After 9/11 and the wars commenced in Iraq and Afghanistan, I vowed to teach a course on war each year until the wars ended. It seemed important to remember that we were a country at war. That commitment meant a realignment of my research agenda. In 2001, I published my first edited collection, one which paired the final work of the feminist philosopher Mary Wollstonecraft with the memoir of her life written by her husband, William Godwin. I had edited that collection during my second pregnancy and during the first year of my son’s life, and that focus on the rights of women and how we navigate all the complexities of our gendered identities remains central to my teaching and my research. But the shift to a focus on war led me in new directions as well. One cannot address war without addressing the effects of violence and the trauma that often ensues. My next book was an edited collection on Aphra Behn’s late seventeenth-century novel, Oroonoko, the story of an African prince enslaved in Surinam, and the wars which inaugurated the transatlantic slave trade, and a brutal history of racialized slavery that continues to shape our nation. That work, I would later argue in my most recent edited collection, Early Modern Trauma: Europe and the Atlantic World (2021), is a trauma narrative, as are so many accounts of early modern suffering. Yet eighteenth-century historians and literary scholars alike had often “normalized” this suffering, ignoring the potential for its continuing effects by representing it as contained and consistent with the ethos of its time and place. That narrative is changing, in part, because of my book.

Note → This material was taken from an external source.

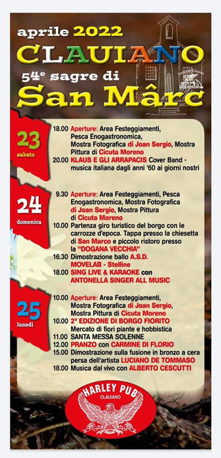 Si ripete per la 54^ volta la tradizionale Sagre di San Marc a Clauiano, uno dei borghi più belli d'Italia in Friuli Venezia Giulia

It was only recently that I was able to retire my course on war, and I replaced it, happily, with ones on narrative medicine and on the body in the eighteenth century. These courses fit firmly within the emerging field of Health Humanities, my new focus as a teacher and scholar. How is it that we use our skills as close readers and attentive listeners to help others heal? How is it that narrative provides solace and understanding, and can this narrative power be used to address the needs of patients and medical professionals alike? I can imagine Dick making a joke here, perhaps, that maybe I took putting “the flesh and bone” on literature just a little too literally, but I also think he would recognize in my work an attempt to find in the literature we both loved the life lessons that make us better.
I know he would be so grateful, as am I and as is my department, that you—the alumni of this university—recognized the immense value of what he gave to you as a teacher, as a mentor, as a friend, and that you have ensured that his work in the humanities will continue. We are people first, and then the work we do, but when these things align—when our work becomes the place where we can experience the fullness of being human—the world is a better place. Thank you for the honor of being the first to represent Dick’s extraordinary legacy.